“My uncle Sammy was an angry man. He had printed on his tombstone: What are you looking at?” – Margaret Smith
Him: So why are you asking all these questions about me? Are you writing a book about me?
Me: No. No book. I just like to know things about people, especially my friends. I’m not nosey – just curious.
Him: Same thing.
Me: OK. Here’s the deal – you grew up in New York city. I grew up all over the world and mostly on military bases. So your youth must have been a lot different than mine.
I know what I did for fun. What I don’t have a clue about is what city kids of your generation did.
Him: What do you want to know?
Me: Well…….how big was your high school?
Me: See, that’s a medium size city in Montana. There were only 100 in my graduating class.

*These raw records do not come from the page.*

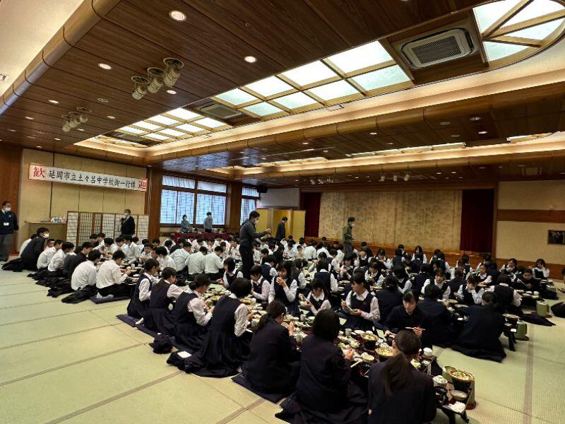 修学旅行2日目の夕食の様子です。美味しい料理に箸が進みました。このまま全員で、最高の修学旅行にしたいです。
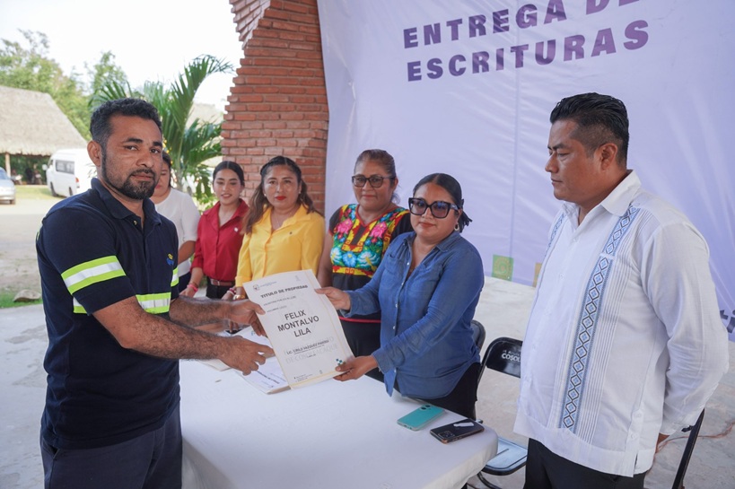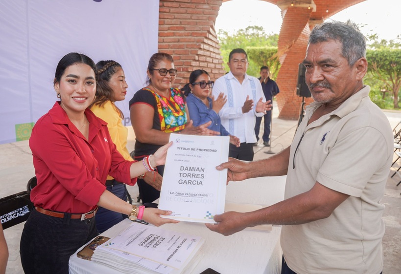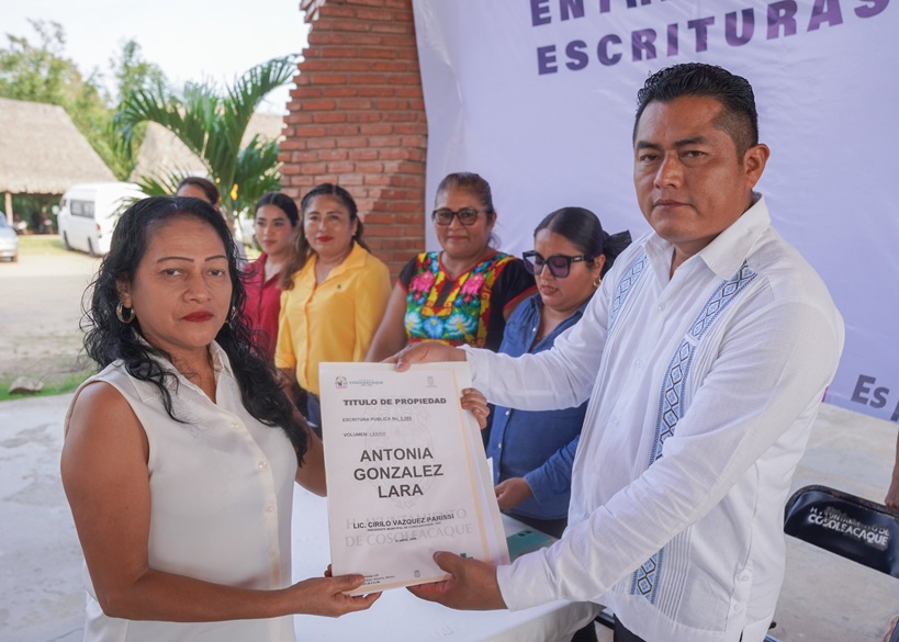 El H. Ayuntamiento de Cosoleacaque, encabezado por el alcalde Cirilo Vázquez Parissi, entregó escrituras gratuitas de fundo legal a 65 familias beneficiadas.
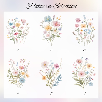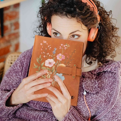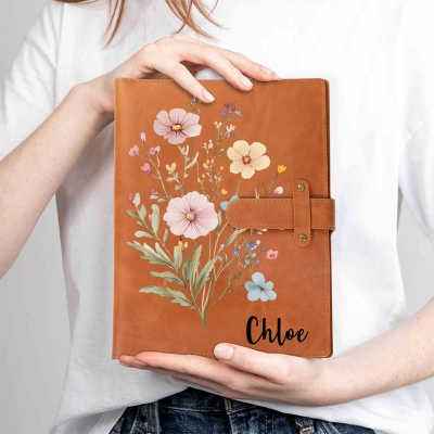 | Estilo | Cuaderno y funda de cuero con flores silvestres y nombre personalizado |
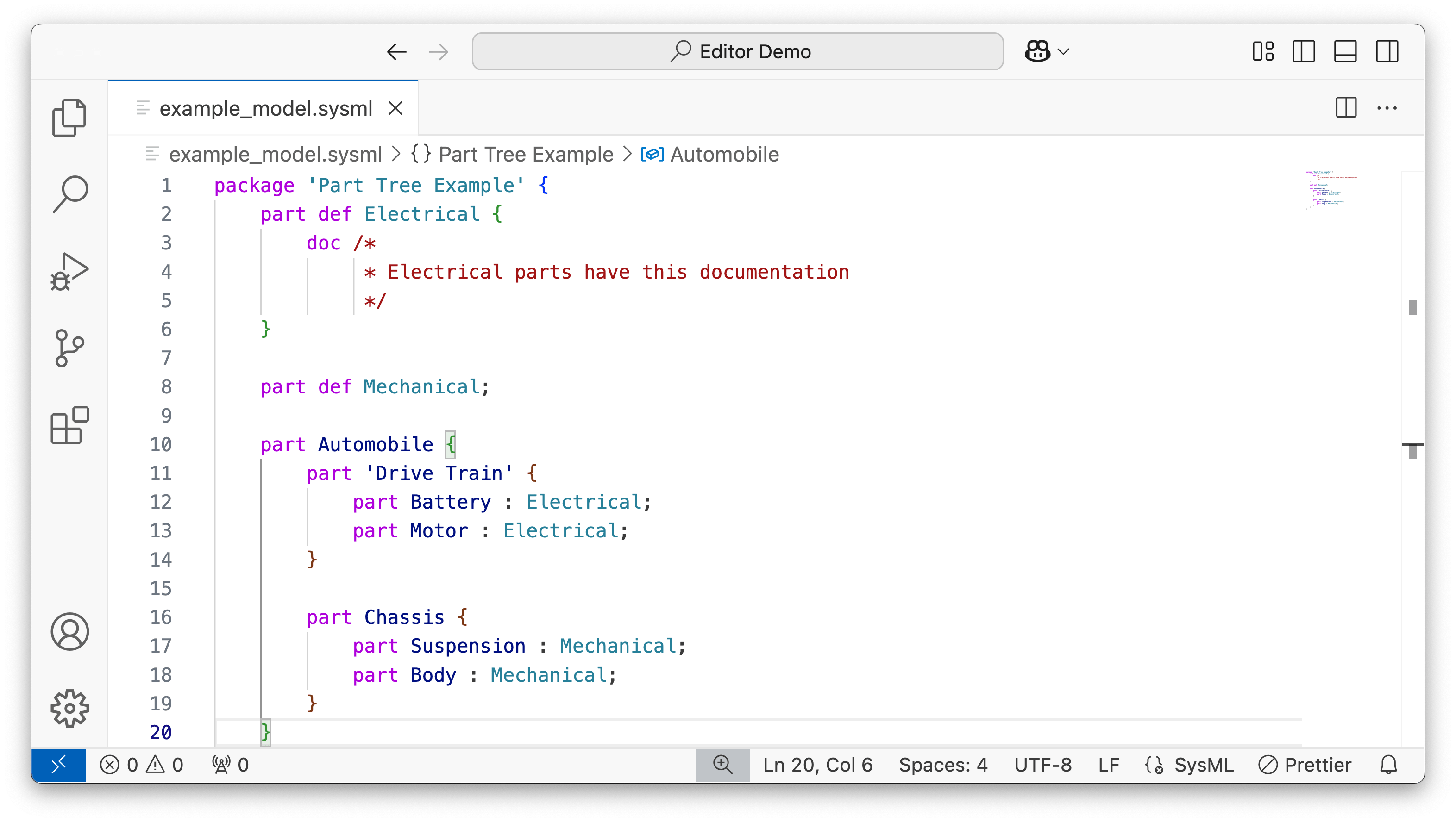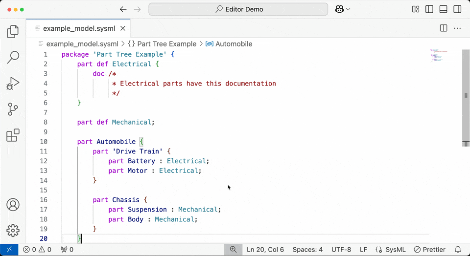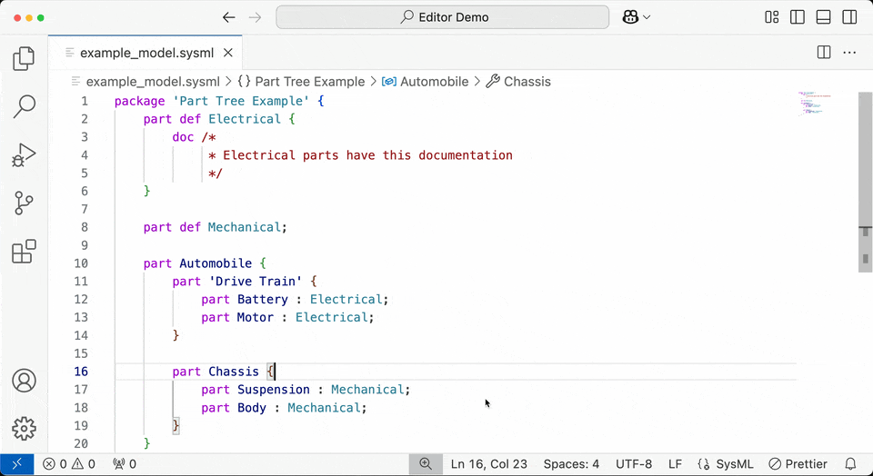 Syside language server can automatically format your model to maintain consistent style. To enable automatic formatting:

Him: I think there about 1800 in my class. Our school annual only had room for pictures of seniors.
Me: Wow. Seems like it would be hard to get all the seniors to sign your annual.
Him: Yes it was. I think I was the only one who got all the signatures. I should have been more careful. One girl signed that she would love me forever. My girlfriend saw that and got really mad. Bad news.

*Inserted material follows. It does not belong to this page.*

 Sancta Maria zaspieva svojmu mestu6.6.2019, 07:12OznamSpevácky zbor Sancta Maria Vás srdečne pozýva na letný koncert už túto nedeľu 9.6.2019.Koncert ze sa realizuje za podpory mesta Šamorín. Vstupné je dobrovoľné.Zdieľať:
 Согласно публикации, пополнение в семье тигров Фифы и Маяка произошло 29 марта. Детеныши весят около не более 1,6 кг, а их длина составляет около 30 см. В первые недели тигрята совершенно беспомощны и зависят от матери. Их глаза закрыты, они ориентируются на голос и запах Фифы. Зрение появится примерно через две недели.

Me: That is so foreign to my experience. Tell me about your girlfriend.
Him: Define girl friend?
Me: Girlfriend. You know. Girlfriend. Your first love. That sort of thing.
Him: Well……girlfriend is different to a city boy. To you, it was probably someone you held hands with and kissed a lot. Right?
Me: Of course. How would define girlfriend?
Him: Someone you saw naked and had sex with.
Me: (laughing hysterically) Ok. That certainly describes a certain level of commitment. Where could you go in the city to do that? Central park or what?
Him: No. We usually looked for a parked car. Cadillacs and Lincolns were the best. More room. You had to be careful though. A guy named Luigie or Luciano might own the car and if he caught you it could get ugly.
Me: (More laughing hysterically)
“People who think they know everything are a great annoyance to those of us who do.” – Isaac Asimov
Wow, a big difference….class of 1800 and class of 100. We had a little over 120 graduate in my little town in Colorado. At that time, in Colorado, we were not quite as advanced…..more Studebakers and Nash’s than Caddys and Lincolns. We had a signal system, so if we knew of a certain kind of girl, we would shake a snake at her, and if she didn’t run….it was off to the Studebaker. Nash’s were so cramped. Of course, there was a song, wasn’t there? “Lord, I was born a Rambler man?” something like that. I am glad he made you laugh, because every good laugh adds another day to your life. I might never die. 🙂
He makes me laugh a lot. You would as well if you could hear him tell these stories.